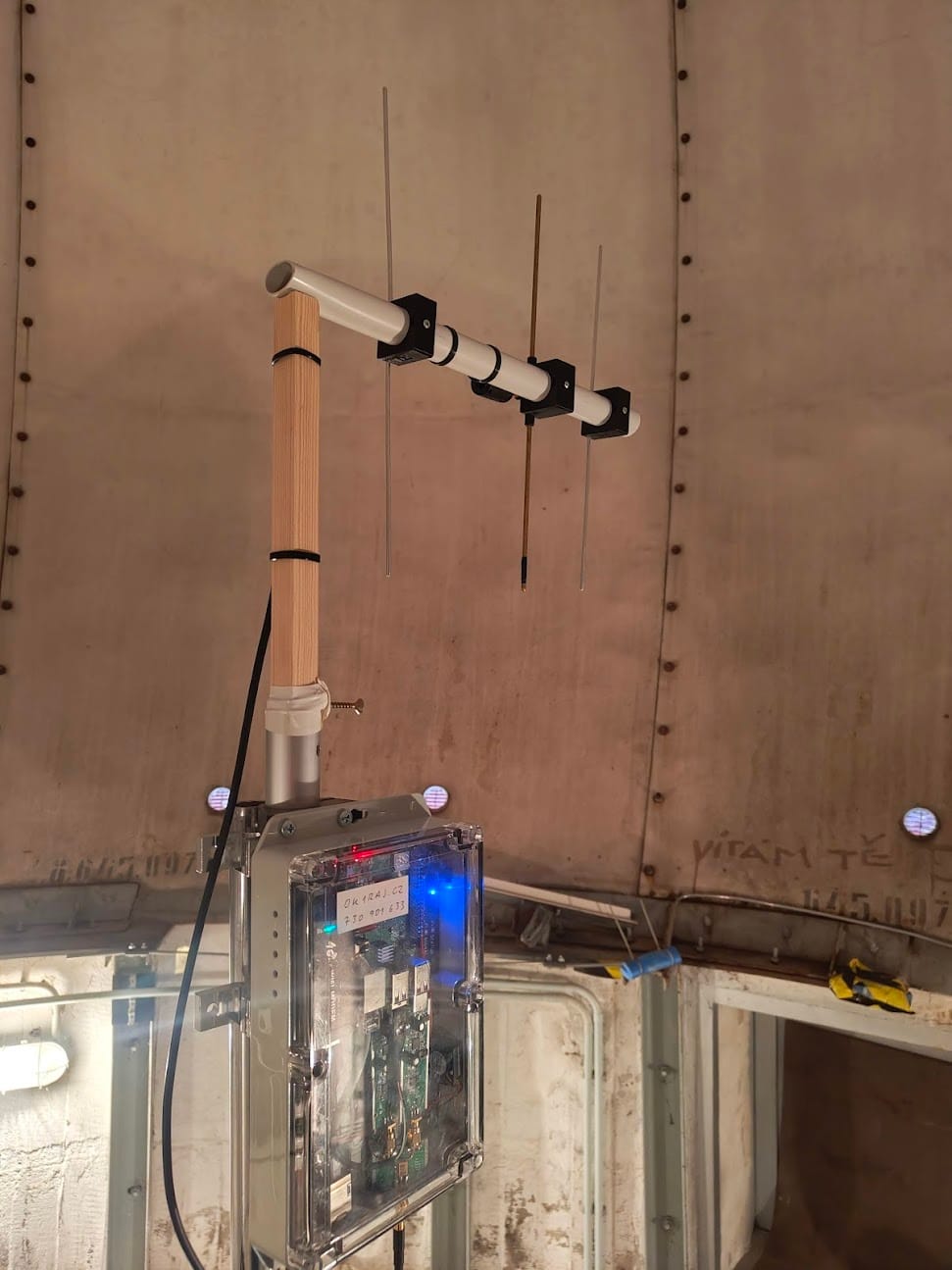 Jako anténu používáme zkrácenou 3EL Yagi namířenou na východ. O příjem telemetrie se starají dvě nezávislé USB SDR připojené k Raspberry Pi. Jedno slouží k příjmu trackerů projektu Dotkni se Vesmíru a druhé je dedikované meteorologickým sondám ČHMÚ.
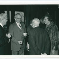 Photograph of Dr. James V. Miller conversing with several unidentified party guests. He was the president of Pacific University from 1970 to 1983.
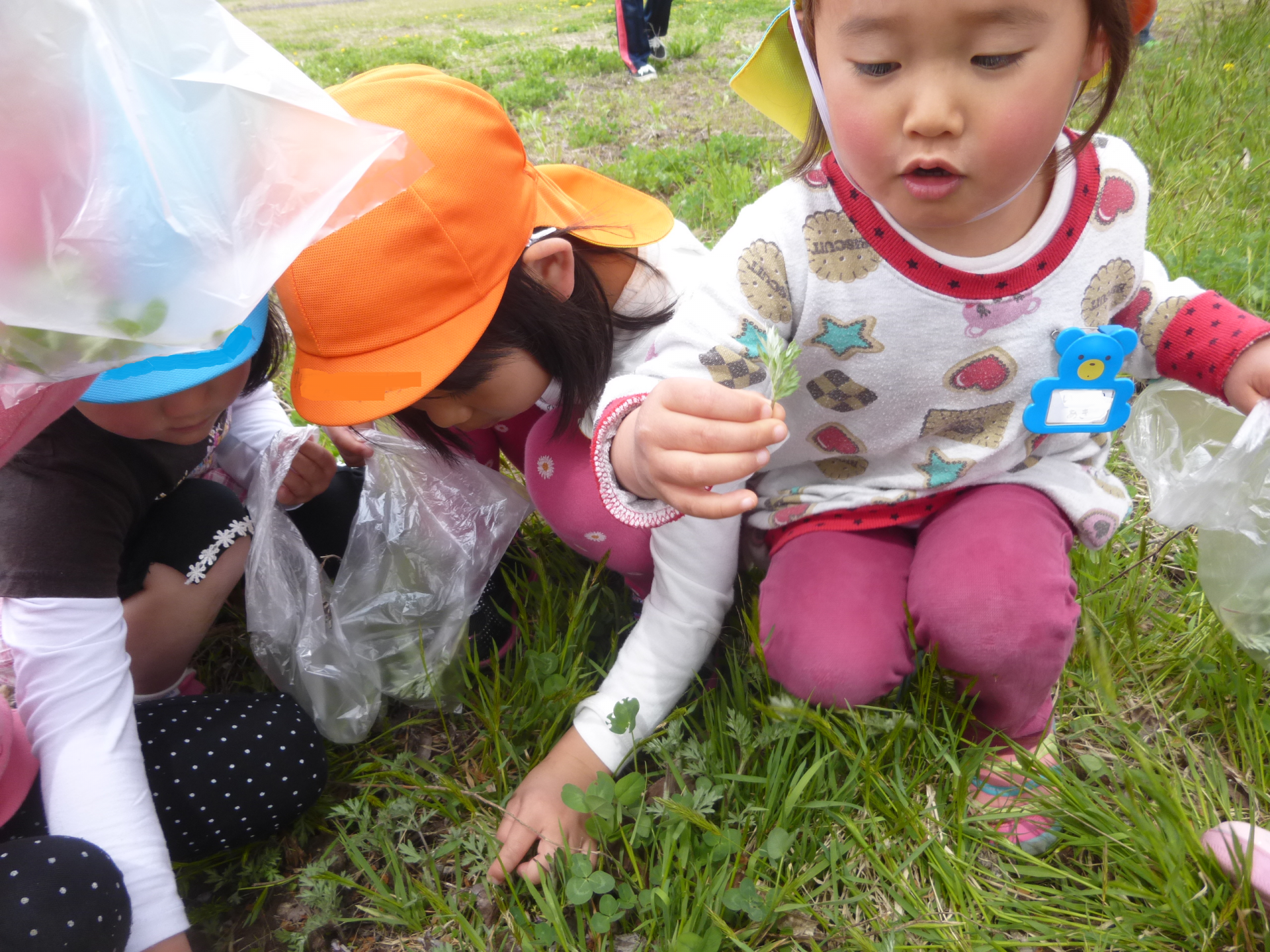 「小さいお友達が食べるから土が付かないように採ろうね」

**What you will do**
Each line above gets copied exactly; leave the pictures out.

**Answer area**
 Jako anténu používáme zkrácenou 3EL Yagi namířenou na východ. O příjem telemetrie se starají dvě nezávislé USB SDR připojené k Raspberry Pi. Jedno slouží k příjmu trackerů projektu Dotkni se Vesmíru a druhé je dedikované meteorologickým sondám ČHMÚ.
 Photograph of Dr. James V. Miller conversing with several unidentified party guests. He was the president of Pacific University from 1970 to 1983.
 「小さいお友達が食べるから土が付かないように採ろうね」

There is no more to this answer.